Exploring Topographic Data with Transitive Closure on Graphs

2026, Group · DEXA 2026 (Austria)

Paper (available soon)

This project brings database-style recursive query evaluation to plain Python/Pandas, and uses terrain as both a motivating application and a tunable benchmark. It will be presented at DEXA 2026 in Austria. This is joint work with Christoph F. Eick and Carlos Ordonez at the University of Houston.

The idea

Transitive closure — computing every reachable source/destination pair in a graph — is a foundational recursive query that is traditionally confined to database systems. This work shows that database-style fixpoint semantics can be implemented effectively and correctly in Pandas, making it practical for moderate-scale exploratory analysis without standing up a full database. Digital Elevation Models (DEMs) provide an ideal domain: they are large, structured, and produce graphs whose density can be tuned.

From terrain to graph

Full Mount Rainier DEM, the 32x32 cropped experiment region, and its elevation distribution
The USGS 3DEP source DEM (Mount Rainier), the 32×32 summit crop used for the n=1,000 experiments, and its elevation distribution.
  • A DEM is modeled as a directed graph: each cell is a vertex, and edges connect adjacent cells (8-connectivity). Each edge carries the signed elevation difference and the slope angle between the two cells.
  • A slope-passability threshold S filters which transitions are traversable. Crucially, S is treated as a query-time parameter — so a single physical terrain yields a whole family of graphs of varying density, without rewriting the underlying structure.
  • The graph construction is validated for structural invariants (antisymmetry, no self-loops, correct per-vertex degree, exact trigonometric slopes) and is O(n), scaling linearly to 1.6 billion cells.
Maximum neighbor slope per vertex beside the strongly connected components map at S=20 degrees
Left: maximum neighbor slope per vertex, showing the rugged topography. Right: strongly connected components at S = 20° — disparate regions become mutually reachable.

Computing the closure

The closure is computed with a seminaïve fixpoint over the slope-filtered edge set, which avoids redundantly recomputing known paths:

Require: Edge relation E(src, dst)
1:  TC ← E
2:  Δ  ← E
3:  while Δ ≠ ∅ do
4:      New ← Δ ⋈ E          // join the new frontier with base edges
5:      New ← New \ TC        // keep only newly discovered pairs
6:      TC  ← TC ∪ New
7:      Δ   ← New
8:  end while
9:  return TC

Correctness is checked against a SQLite recursive view used as an oracle: zero row discrepancy at every tested slope threshold. The seminaïve strategy runs 1.5–3.3× faster than naïve evaluation.

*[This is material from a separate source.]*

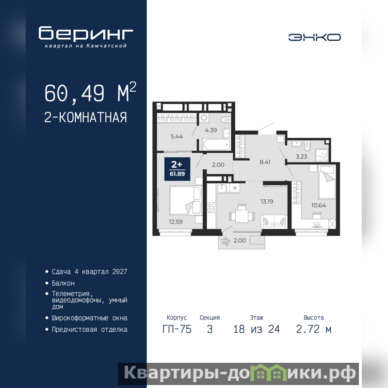 2-комн. квартира от застройщика с предчистовой отделкой в ЖК "Беринг" на 18 этаже. Общая площадь: 60.49 кв.м., жилая: 23.23 кв.м., площадь просторной кухни-столовой: 13.19 кв.м. Комнаты изолированные, все окна выходят на одну сторону. В квартире один балкон, два совмещенных санузла. Высота потолков 2.72 м. Дом монолитный, многоподъездный, переменной этажности, от 17 до 24 этажей. Квартира находится в 3-й секции высотой 24 этажа в корпусе ГП-75. На этаже 6 квартир. В подъезде 2 пассажирских и 1 грузовой лифт. Окончание строительства - 4 квартал 2027 года. Оформление сделки по договору долевого участия. Подобно знаменитому исследователю, мы чувствуем себя первооткрывателями этой локации. Хотим показать новую суть места, сформировать для вас жизненный опыт, которого ещё не было. Беринг — район зелёного цвета. Беринг — район, который откроется вам с другой стороны. Впечатлит новым уровнем комфорта и качеством жизни. Беринг — открытие на карте города. Первый квартал расположен в районе Тура, в границах улиц: Камчатская – Западносибирская – Энтузиастов. Вокруг уже есть всё для того, чтобы ежедневная рутина была лишь частью жизни и не доставляла дискомфорта. Школы и детские сады, магазины и аптеки, поликлиника, места для семейного отдыха, пеших и велопрогулок, и даже рыбалки. Масштабное озеленение дворов — визитная карточка ЭНКО и ваш оазис спокойствия, чтобы отвлечься от повседневности. Раскидистые деревья, кустарники, травы и цветы — осталось остановиться, вдохнуть и расслабиться, глядя на эту природную красоту. Стилистика подъездов продолжает концепцию Беринга, вдохновлённого Камчаткой: сдержанный, но при этом впечатляющий дизайн соседствует с удобством и функциональностью. (AQID02529737)

Runtime and peak memory versus cycle size for SQL CTE, optimized Pandas, and join-based Pandas
Directed-cycle stress test: the optimized Pandas engine beats the SQL CTE baseline on runtime, trading higher peak memory; a naïve join-based approach explodes almost immediately.

What the terrain reveals

Sweeping the slope threshold S exposes a sharp structural phase transition near 20°: below it, the terrain fragments into hundreds of isolated components; above it, a giant mutually-reachable component dominates the map. That makes the terrain graph an excellent, controllable workload generator for recursive-query research.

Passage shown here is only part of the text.